Olswang was an international law firm headquartered in London, United Kingdom and with additional offices in Reading, Brussels, Madrid, Paris, Singapore and, since 2011, Munich. It worked closely with a network of firms across eighty countries. The Lawyer ranked the firm 22nd largest in the UK by worldwide turnover in 2010. That year, the firm had over 600 staff, including 97 partners. David Stewart was the firm's chief executive. On 1 May 2017, Olswang merged with CMS Cameron McKenna and Nabarro to form  CMS Nabarro Olswang LLP.
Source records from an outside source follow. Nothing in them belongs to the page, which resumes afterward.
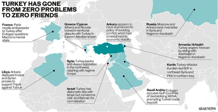 AKP’nin değişim güçlerini kucaklaması ve özellikle de Müslüman Kardeşler örgütüne olan desteği Türkiye’nin Mısır ve Birleşik Arap Emirlikleri ile olan ilişkilerini bozmuştur. Katar ve Türkiye bunun tam tersine, derinleşen ekonomik ve askeri ilişkilere dayanan ve siyasal İslam’ın bölgenin gelişmesinde çok önemli bir rol oynadığı görüşünü paylaşan gerçek bir stratejik ortaklık oluşturmaktadır. Türkiye ile Arap devletleri arasındaki karmaşık ilişkiler değişik senaryolar altında gelişebilir veya kötüye gidebilir, fakat Birleşik Devletler dış siyaset ve güvenlik çıkarlarının geliştirilmesi için yapılabilecekleri kısıtlayacaktır.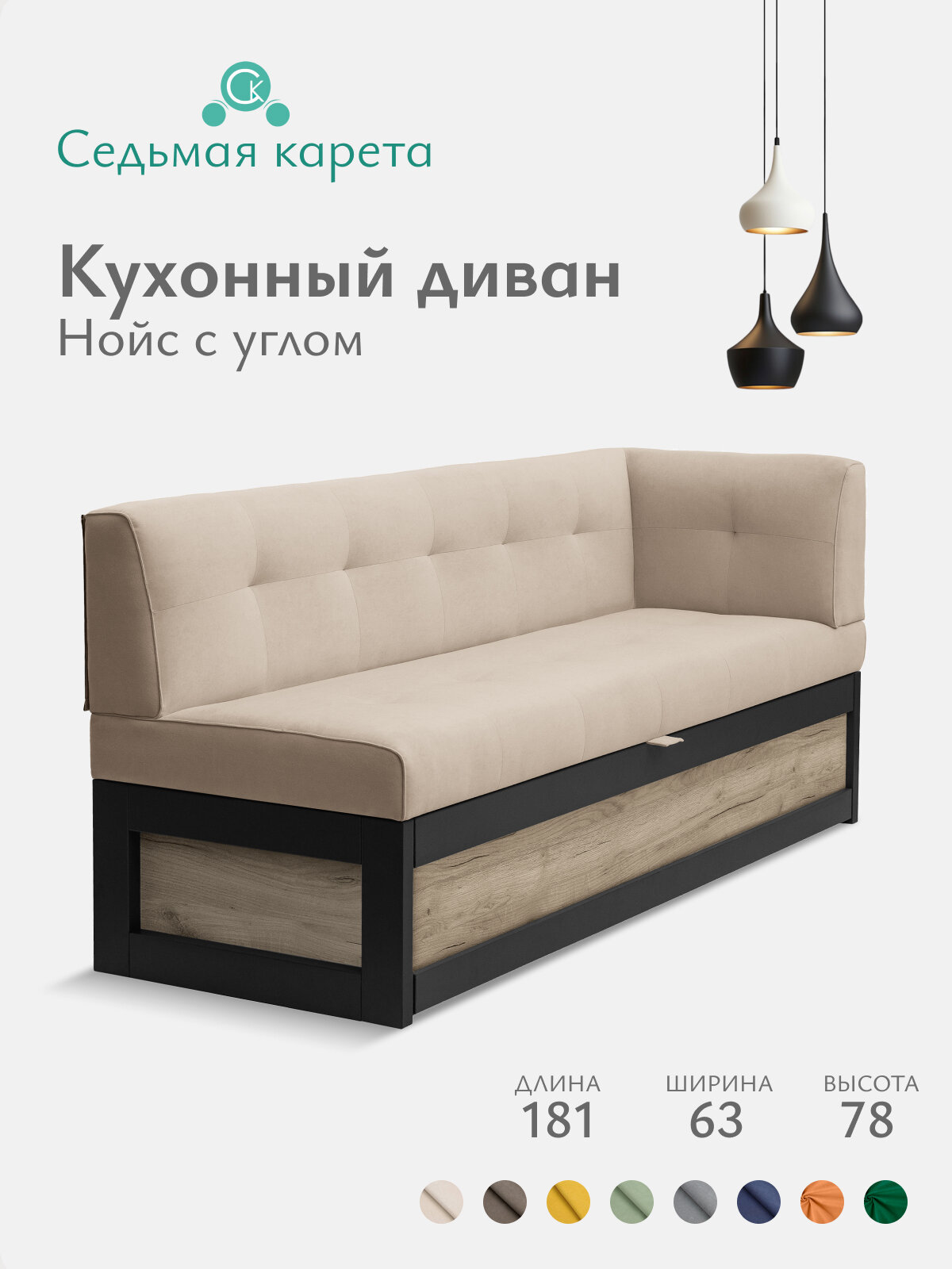 Кухонный диван Нойс с углом 181х63х78 см. Правый, Дуб крафт серый, Коннект 5, прямой раскладной диван со спальным местом. Бежевый Велюр, для дома и офиса: сравнение цен, характеристики, фото, актуальное наличие и цены.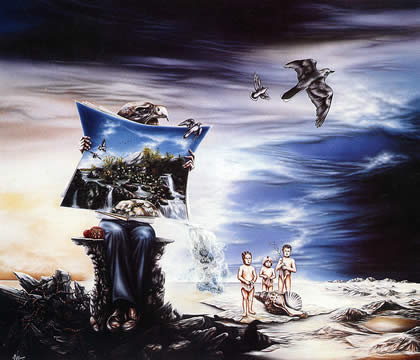 The eagle, the German heraldic bird, holding nature symbolically in its firm grip, does not see the alkaline confrontation..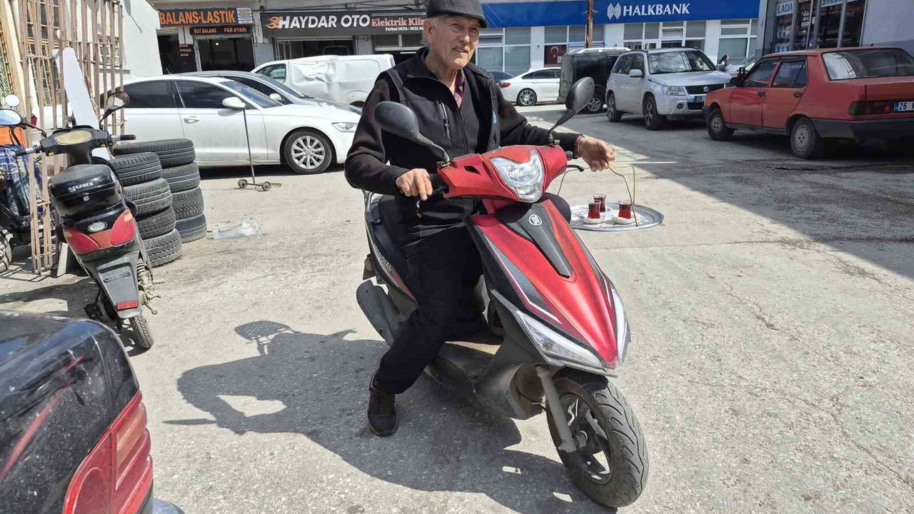 Eskişehir'de 44 senedir çay ocağı işleten 72 yaşındaki Cahit Çandemir, bir eline çay bardaklarıyla dolu tepsiyi alıp, diğer eliyle kullandığı elektrikli motosikleti ile dağıtım yapıyor.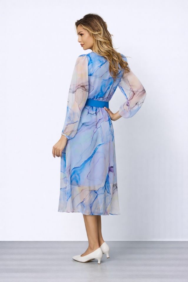 Rochie midi eleganta, din voal cu imprimeu albastru, perfecta atat pentru un eveniment de zi cat si pentru un eveniment de seara. Este o combinatie de clasic si modern perfecta atat pentru tinute office, tinute formale dar si elegante.
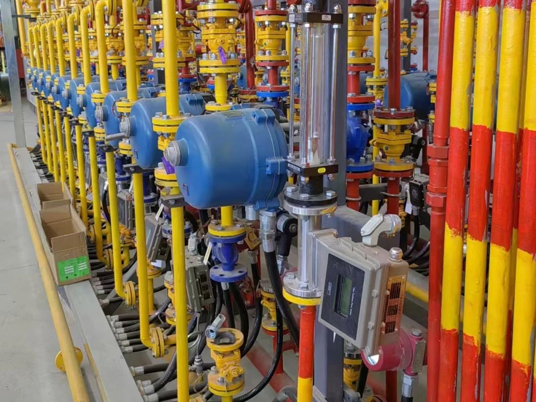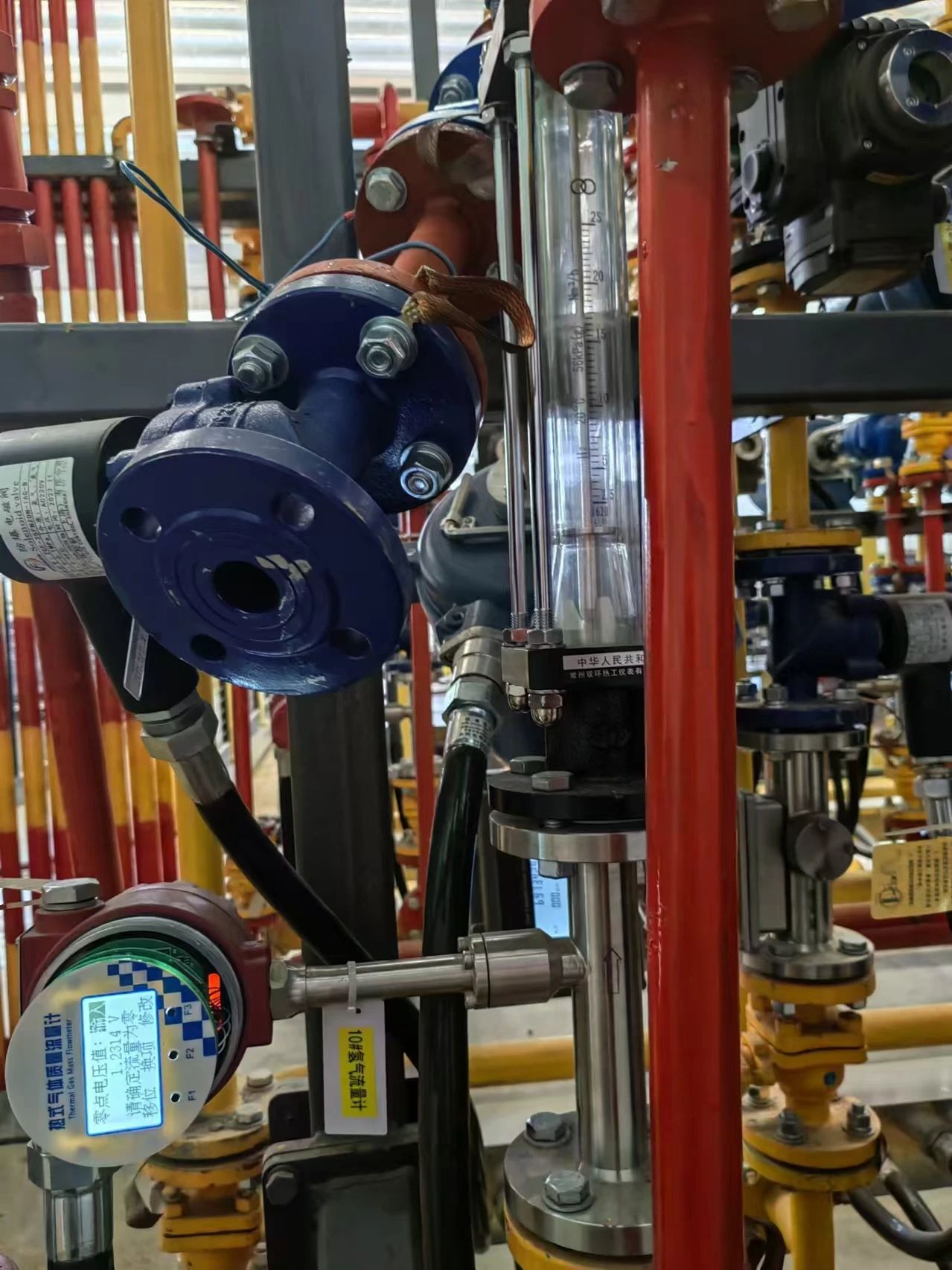 氮氣測量采用1.5%精度的LWQ系列氣體渦輪流量計控制流量,因現(xiàn)場垂直安裝,選無注油表體。氫氣測量采用管道式SFMT系列熱式氣體質(zhì)量流量計。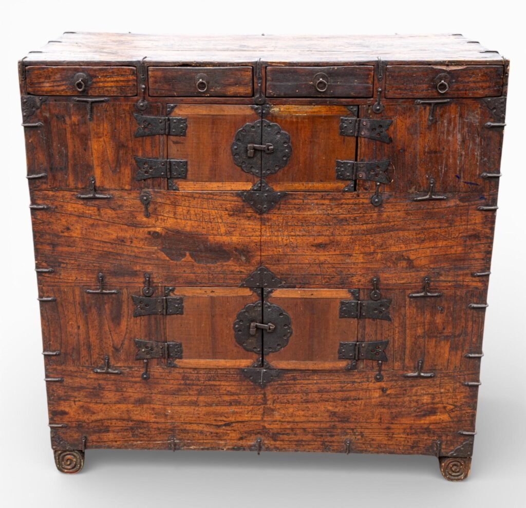 LOT 23.19th C Korean Jeon-Ju Chest with Iron Hardware. measuring 40.25 H x 40 W x 19.5 D. Constructed from wood with iron hardware, featuring four small upper drawers and two larger compartments with hinged front doors. The chest displays side-mounted iron carrying handles. Keystone Auctions LLC. York, PA, US. March 29, 2026. Estimate: $400 USD – $600 USD. Starting bid: $200 USD. SOLD for $275 USD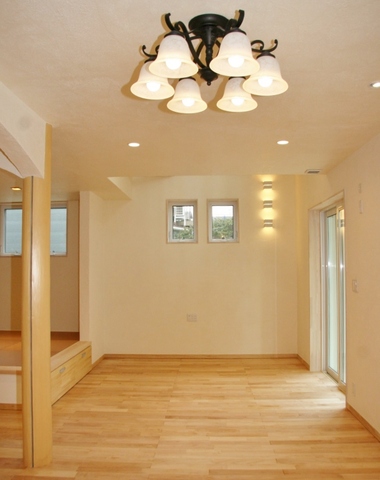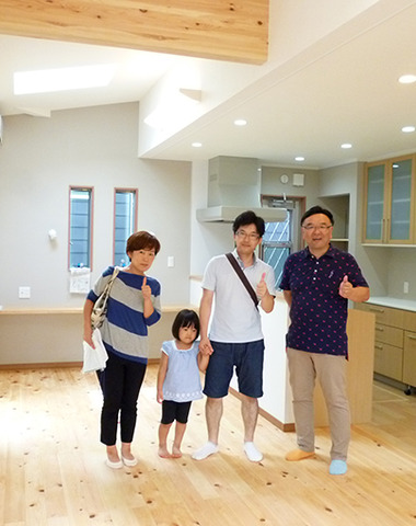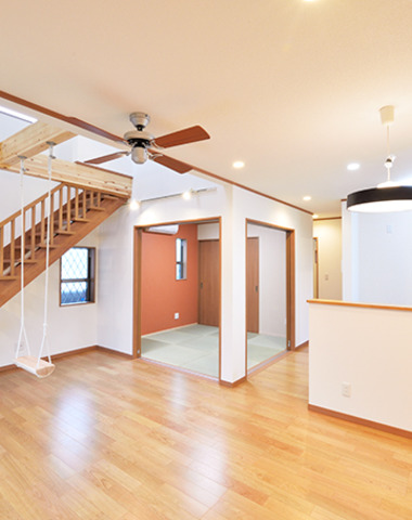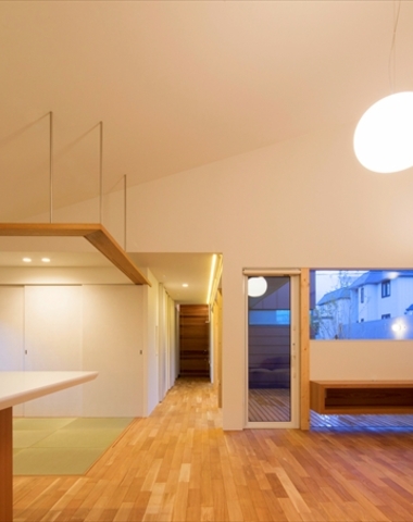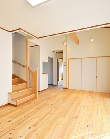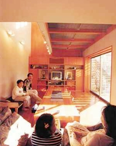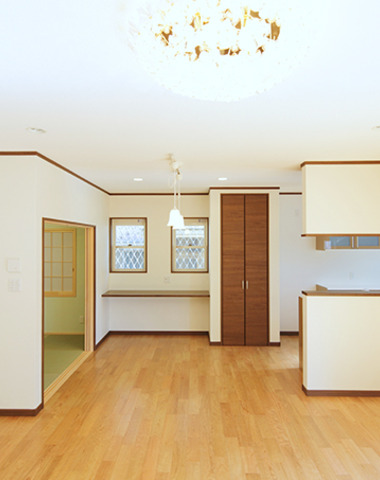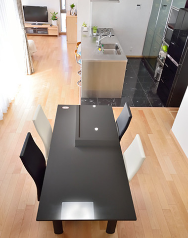 10人は楽に座れる座卓を中心に家族が集まるリビングになっています。

The firm's main practice areas included media, technology, telecommunications, real estate, corporate, intellectual property, commercial litigation and arbitration, finance, leisure, tax, EU and competition, and employment.

History 
Olswang was founded in 1981 by Simon Olswang and Mark Devereux, who was the firm's senior partner.  as a breakaway from property law firm Brecher & Co. Its early reputation was primarily based on film and media work. The firm grew rapidly through the 1990s, developing more of a focus on technology as well as media. In common with other professional service firms, Olswang converted to a limited liability partnership status under English law with effect from 1 May 2009.

Olswang merged with CMS Cameron McKenna LLP and Nabarro LLP on 1 May 2017 with the name CMS Cameron McKenna Nabarro Olswang LLP.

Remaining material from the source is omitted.